Monday, December 1, 2014

Bad to the Bone

I woke up a little past 7 o’clock this morning and got a whiff of something rancid.  Ohmyword.  The smell.  Ronan was still asleep when I sniffed what I sniffed, but I immediately thought, Oh no.  Ronan pooped sometime in the middle of the night.  Poor kid.  I’ll have to wake him up to change his diaper. 

I walked into Ronan’s room and the smell disappeared.  The source of the stink was coming from another direction. 

After changing Ronan, I walked toward the kitchen.  The smell permeated through the kitchen and our den.  Was it the garbage can? 

No, but I took the garbage out anyway.  Strange.  The garage smelled awful too.  My gosh!  What is that smell?

I called my husband, “Hey, I think something died in the garage.  Call me back when you get a chance.”

When I came back inside, Big Sis came around the corner.  “Mom!  You left the stove on…all night?!”  I nodded and said, “Honey, it’s bone broth.  You’re supposed to cook it for hours and hours and hours.”

I repeated that first sentence in my head:  …it’s the bone broth…

No.  It couldn’t be the bone broth making that smell. 

Could it?

No.  That stuff is all healthy stuff.  And we’re going to eat it when it’s ready.  It can’t be what’s so stinky. 

Could it?

Ummm…



I quickly opened up Facebook and wrote this: 

Bone Broth people...the aroma from the broth as it simmers quietly on the stove, is it supposed to smell like one hundred small woodland creatures up and died in my kitchen?

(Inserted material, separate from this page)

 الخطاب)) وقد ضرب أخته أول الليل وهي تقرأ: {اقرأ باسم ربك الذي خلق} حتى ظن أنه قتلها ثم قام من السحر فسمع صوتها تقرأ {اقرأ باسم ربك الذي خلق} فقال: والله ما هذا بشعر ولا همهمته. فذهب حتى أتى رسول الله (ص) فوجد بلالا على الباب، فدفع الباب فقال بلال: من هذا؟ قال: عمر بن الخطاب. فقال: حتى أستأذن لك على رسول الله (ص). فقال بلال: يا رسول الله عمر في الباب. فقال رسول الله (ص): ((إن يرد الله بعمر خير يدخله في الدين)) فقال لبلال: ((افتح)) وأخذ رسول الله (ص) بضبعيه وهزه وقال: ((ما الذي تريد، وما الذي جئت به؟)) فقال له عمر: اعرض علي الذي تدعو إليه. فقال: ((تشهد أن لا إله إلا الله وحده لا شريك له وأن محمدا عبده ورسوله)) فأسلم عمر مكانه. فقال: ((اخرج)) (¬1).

Good night, Irene! The smell! Ugh! And gag! And ugh! What did I do wrong???

I got responses instantly.  Some were reassuring.  Friends said I was doing a “great job, mama!” because their bone broth also produces a pungent “roadkill” and “carcassy” smell while it's cooking.  

Whew!  I thought. 

But then, not everyone agreed.  Other friends’ bone broth did not reek or smell disgusting like mine smelled.  Those friends said that their bone broth smelled fabulous!  fantastic! great!  amazing even!

Oh dear.  There were too many conflicting opinions.  And none of them were reducing the smell wafting through my home.

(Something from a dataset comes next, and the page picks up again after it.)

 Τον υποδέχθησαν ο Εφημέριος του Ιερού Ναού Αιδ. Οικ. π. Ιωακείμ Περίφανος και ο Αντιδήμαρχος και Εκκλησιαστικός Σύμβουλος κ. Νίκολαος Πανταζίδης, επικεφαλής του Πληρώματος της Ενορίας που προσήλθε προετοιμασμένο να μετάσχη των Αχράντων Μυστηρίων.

If I wanted the smell of rotten woodland creatures to vacate my house, I had to do one thing:  get rid of the bone broth. 

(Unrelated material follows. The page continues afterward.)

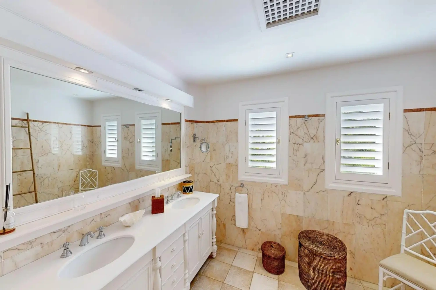 A wrap-around veranda flows seamlessly into the villa’s expansive terrace, where guests can enjoy an array of outdoor living spaces, including a shaded gazebo, comfortable seating areas, and a heated swimming pool surrounded by manicured gardens and a lush lawn. Every corner of Villa Mustique has been thoughtfully designed to encourage relaxation, connection, and effortless Caribbean living.

I cut the cooking time short for this batch of bone broth.  I had to—the stink was just too much.  I turned off the heat.  I let the broth simmer.  I took the bones out of the dutch oven, put them in a garbage bag and dumped the ridiculousness in the garbage can outside. 

Back inside, I poured the broth into a large glass bowl once it cooled, and covered it.  Not one for wasting anything, I put the bowl of simmered bone broth in the refrigerator.  My plan is to try a taste of it.  Later though.  I don’t know if I can stomach eating it while the carcass smell lingers. 

Fast forward a few hours…


I left a window open all day to get some fresher smelling air into the house.  I also diffused some Purification oil, which I can assure you was bought online, so that my house can lose some of the dead woodland creatures stank that I can still smell.  

I haven’t tried the broth yet.  I promise I will do that.  But that'll happen on another day when things don’t smell so bad to the bone. 

xo, Cat


*Apologies to Ronan for assuming his diaper was the stinky culprit.  And apologies to any woodland creatures that I may have offended in this post.